The notorious rubber sheet analogy of spacetime teaches one concept and once concept only: Mass-energy causes curvature of space-time.

 When a gravitating mass recedes from a region of space-time the curvature diminishes. The field equations of General Relativity don’t have an explicit term for this elastic property, but the framework as a whole does have that property. As very large mass-energies are required to generate gravitational waves (ripples in space-time), the elastic property of space-time is generally regarded as very stiff

One other interesting consideration here is that elasticity is an emergent phenomenon. There is a great deal of interest in the idea that gravity is similarly emergent.  

In 2018, McDonald quantified the classical stiffness of space-time via Youngs Modulus.

 Classical answer: Youngs Modulus of space-time $\sim$ 20 orders of magnitude greater than steel.  

DALL.E2 depiction of classical space-time. (Credit SR Anderson)  

In a previous post we discussed de Sitter space-time, which is space-time with no matter, just vacuum, and its associated energy-density, the cosmological constant. 

In field theory, spacetime is the geometric manifold (the stage), while the vacuum is the state of lowest energy of the quantum fields residing on it (the actors)   

 In a quantum Universe, the Youngs Modulus of space-time is frequency independent, limited by the energy density of the medium through which the gravity wave propagates. 

In dS space, the medium is vacuum, and the energy density is the cosmological constant. In our current Universe, which includes matter, the energy density is the critical density.  
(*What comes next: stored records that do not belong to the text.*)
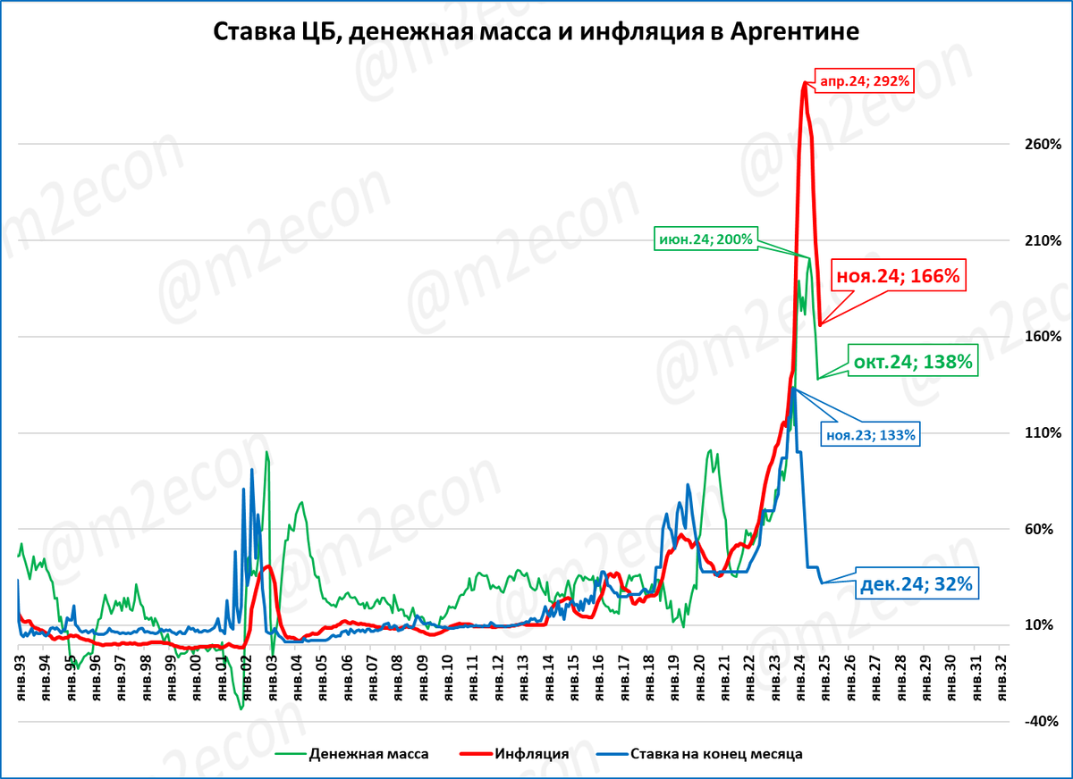 В Аргентине инфляция по итогам ноября составила 166%. Одна из причин высокой инфляции – низкая (32%) ставка ЦБ Аргентины. Реальная денежная масса сжимается. ВВП Аргентины во 2 квартале 2024 года упал на 1,7%.
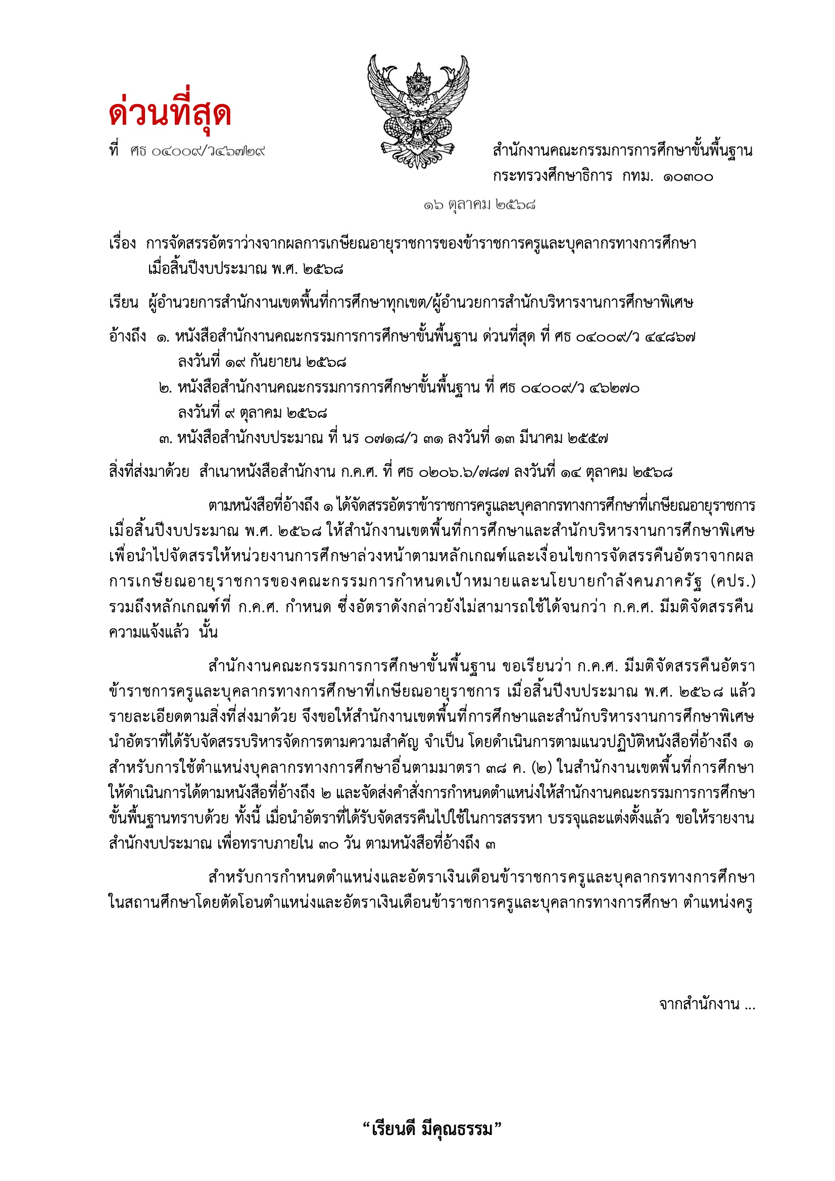 การจัดสรรอัตราว่างจากผลการเกษียณอายุราชการของข้าราชการครูและบุคลากรทางการศึกษา เมื่อสิ้นปีงบประมาณ พ.ศ. 2568
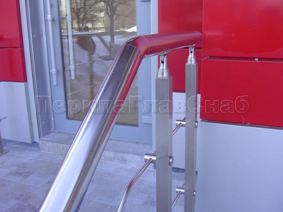 Четыре ригеля на держателях, круглый поручень и квадратные стойки
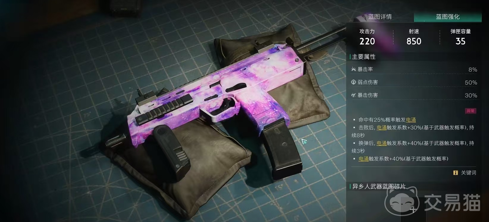 很多玩家认为外层空间是游戏中非常有潜力的一把枪,事实也确实如此,它是完全可以达到t0排行的一个武器。首先来看一下它的基础属性,该武器在主属性方面包括8%的暴击率加成,50%的弱点伤害和30%的暴击伤害。另外在命中时候有25%几率触发电涌。击败目标时,电泳触发系数增加,持续8秒钟,换弹之后电涌的触发几率同样能够提升,持续三秒钟。
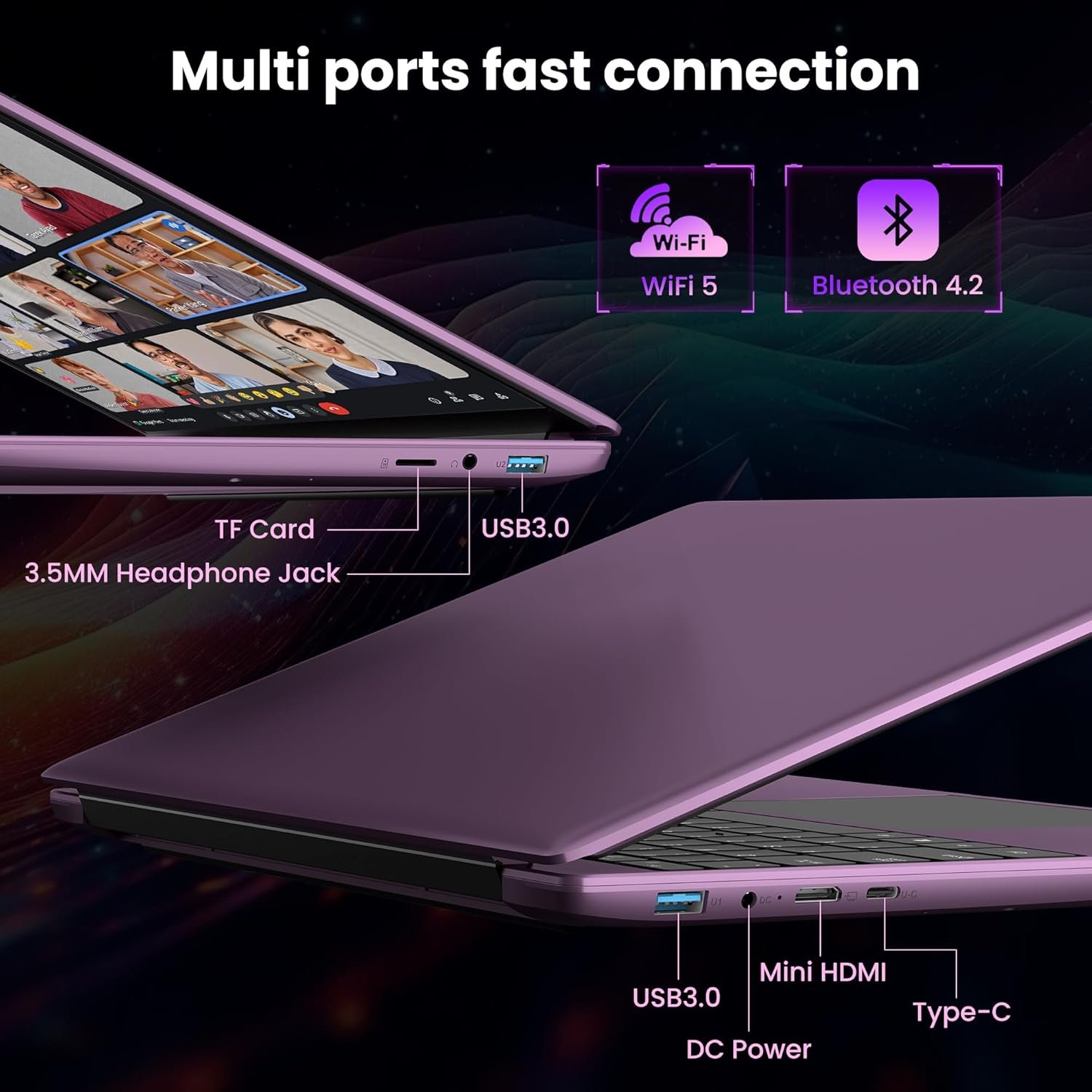 Meeting Multiple Needs: 2x stereo speakers , Bluetooth 4.0 and dual-band Wi-Fi (2.4G/5G) fast wireless.1x Type-C port x1, 1x Mini-HDMI , 1x 3.5mm headphone jack , 2x USB 3.0 port , 1x Micro TF slot , 1x fast charger DC port

Either way, what this means, as Melissinos pointed out in a rejoinder to McDonald:

Quantum answer: Youngs Modulus of space-time $\sim$ 14 orders of magnitude less than jello

 

Why the massive discrepancy between these two answers? It is because the results are just another way of stating the cosmological constant problem.     

  Generated image
The smart money is on jello 

Youngs Modulus can also be related to the spring constant $k$ (the measure of a spring's stiffness), of a quantum harmonic oscillator via Hooke's Law, which holds up to the so-called proportionality limit i.e. when extension is linearly proportional to the load applied. The relation is:   \begin{equation}
\notag
Y_\Lambda = \frac{k \ L}{A}\
\end{equation} So, with a "cosmic string" of the de Sitter characteristic length $l_{\Lambda}$ and a cross-sectional vector area $A=1/ \Lambda$, with a quantum Youngs Modulus of vacuum: $Y_\Lambda = \Lambda c^4 / 8 \pi G$
, the spring constant of vacuum $k$ is:

\begin{equation}
\notag
k = \frac{c^4}{8 \pi G \ l_{\Lambda}}
\end{equation} The term $c^4 / 8 \pi G$ is the inverse of the Einstein gravitational constant. 

 

Another way to look at this:  

  • Classical Stiffness (Steel): This measures the resistance of the spacetime manifold to dynamic shear strain (gravitational waves). This is governed by the inverse of the Einstein gravitational constant, which is an enormously massive number. It dictates that it takes catastrophic amounts of energy, e.g colliding black holes, to cause even microscopic ripples in spacetime. 
  • Quantum Softness (Jello): This measures the static background bulk pressure of the vacuum state (the cosmological constant). Because the observed expansion of the universe is slow and cold, this energy density is remarkably low. 

Spacetime (the geometry) is extraordinarily stiff; the vacuum (the field state) is extraordinarily dilute.